◆ Working data ◆

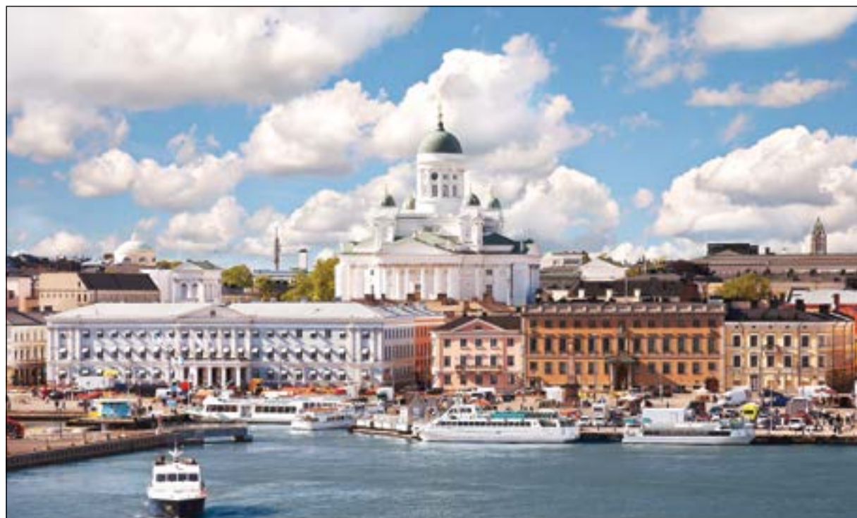
هلسنكي وجهة جديدة تضاف إلى وجهات الخطوط القطرية
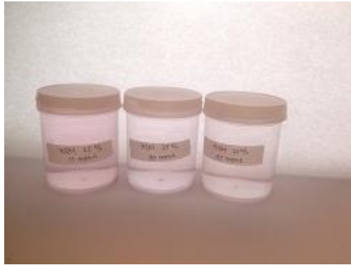
Gambar 33. Hasil Adsorpsi ( KOH 25%)
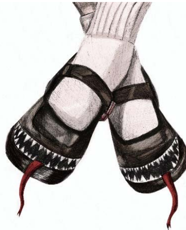
Imagen 8. Ilustración desarrollada sobre el texto Descripción de un sentimiento.
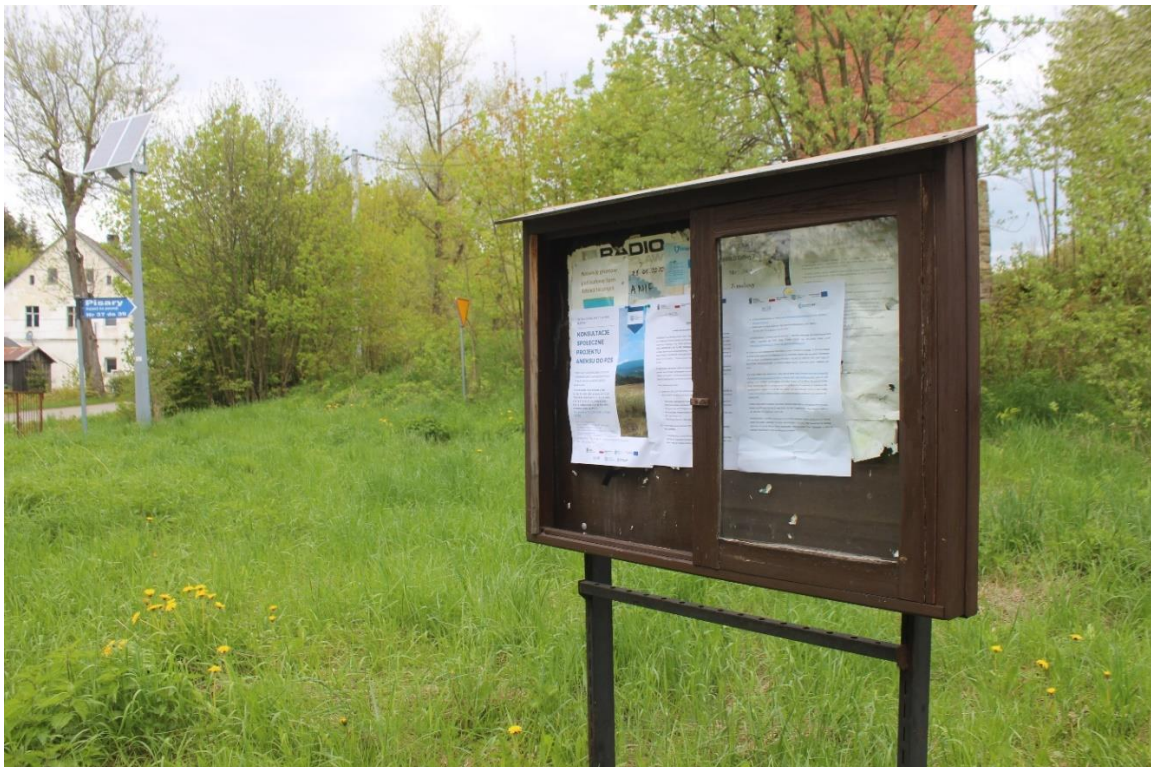
Phot. 4. Information poster conc. the draft Annex no. 3 to the EMP for Contract 2A.1/1 displayed in Pisary.
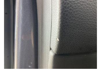
Döşemeler/Kapaklar, Kapı döşemesi, sol ön > Deforme Olmuş
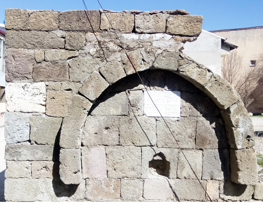
Mustafa Efendi Çeşmesi

Yarım daire kemer formulu çeşmenin ön cephesinde kemer ayaklara oturmaz. Cephe düz bir duvar şeklinde örülerek üzerine kemer yerleştirilmiştir. Yapının bugün sadece taşıdığı mevcuttur. Lüleleri bulunmamaktadır. Çeşmenin yalağı ve sekisi mevcut değildir.
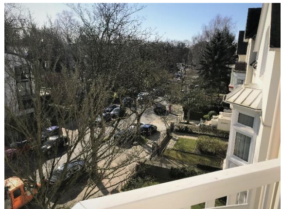
Der Blick vom Balkon
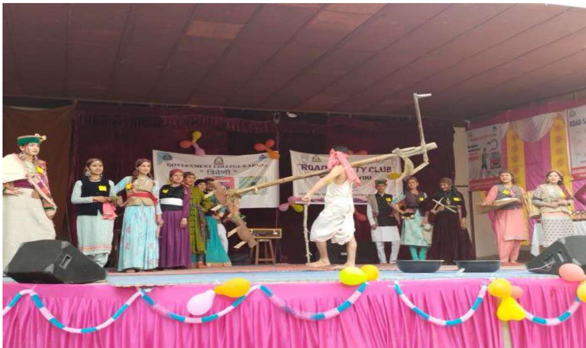
TRADITIONAL MODELING COMPETITION ON THEME - "BEAUTIFUL NATION WITH VIBRANT COLORFUL ATTIRES" DURING MEGA FEST
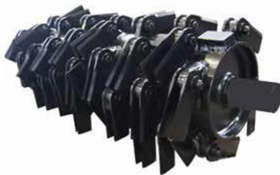
Slika 4.15. Prikaz noževa na glodalici samokretnog stroja proizvođača Faresin

Miješanje u spremniku se postiže s dvije okomite pužnice na kojima su postavljeni noževi za usitnjavanje hrane. Samokretni strojevi LEADER ECOMODE su u mogućnosti prilagoditi brzinu u različitim fazama utovara u odnosu na fazu miješanja, tako da je na kraju punjenja gotovi obrok spreman za distribuciju.
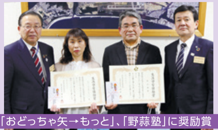
「おどっちゃん→もっと」、「野蒜塾」に奨励賞

本市の生涯学習の推進と発展に貢献した団体を讃える今年の「生涯学習奨励賞」は、よさこいチーム「おどっちゃん→もっと」と、地元文化遺産の重要性を伝える「野蒜塾」の2団体が選ばれました。本来は生涯学習大会で表彰する予定でしたが、新型コロナウイルスの影響で中止となり、市役所応接室で表彰状のみ受け渡しが行われました。(3月17日)
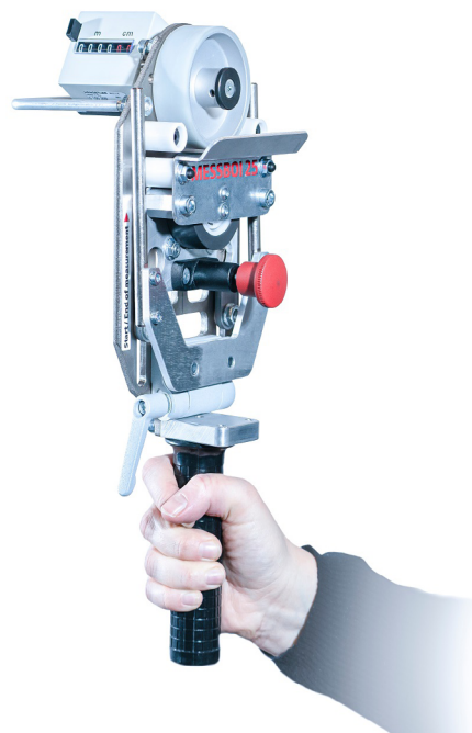
Abb. 3 MESSBOI 25 mit Handgriff
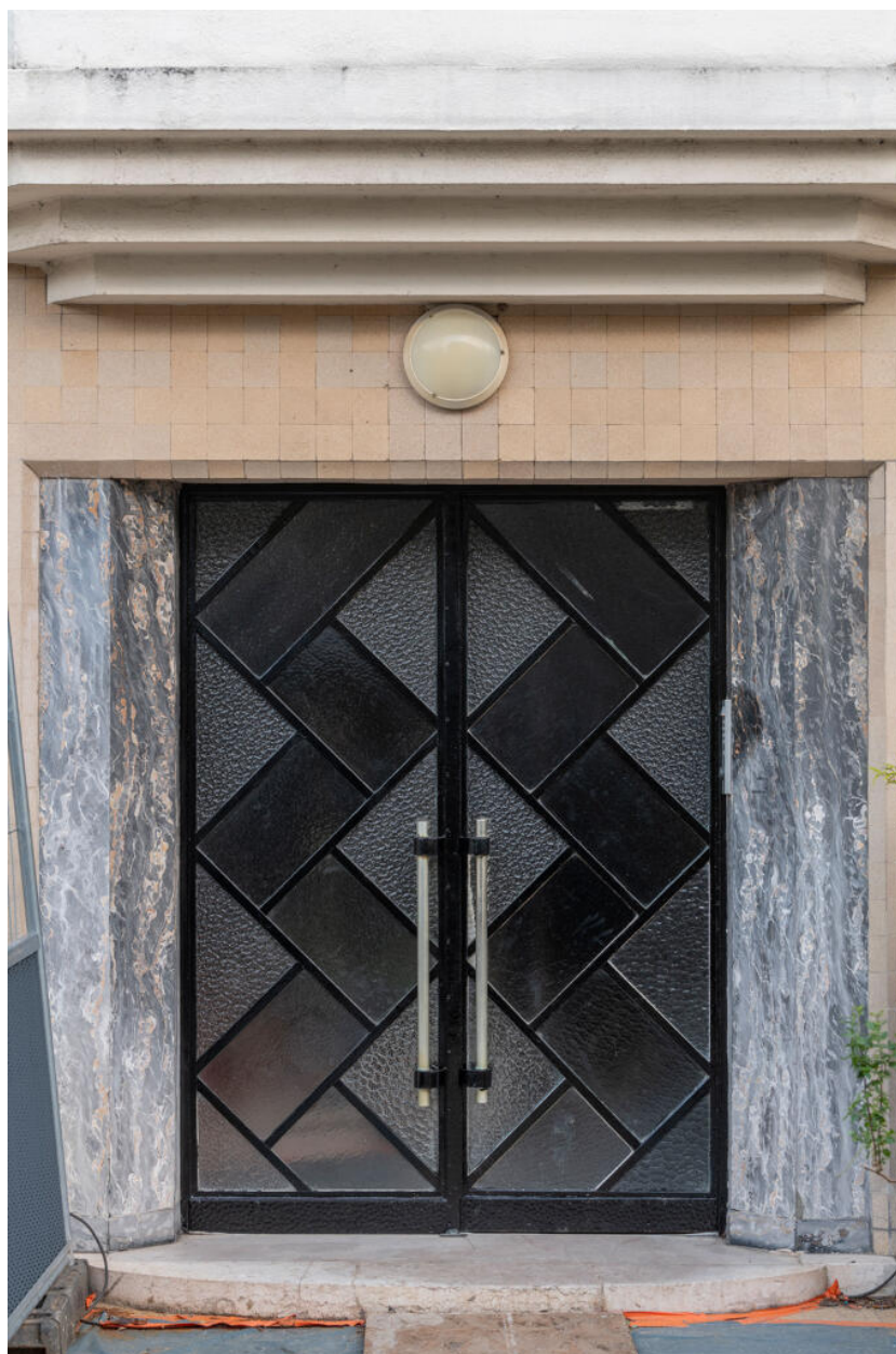
Immeuble, porte d'entrée en verre martelé

◆ What to work on ◆
Check each line of the records above, and copy those that hold the word "おどっちゃん".

◆ Solved problem ◆
「おどっちゃん→もっと」、「野蒜塾」に奨励賞
本市の生涯学習の推進と発展に貢献した団体を讃える今年の「生涯学習奨励賞」は、よさこいチーム「おどっちゃん→もっと」と、地元文化遺産の重要性を伝える「野蒜塾」の2団体が選ばれました。本来は生涯学習大会で表彰する予定でしたが、新型コロナウイルスの影響で中止となり、市役所応接室で表彰状のみ受け渡しが行われました。(3月17日)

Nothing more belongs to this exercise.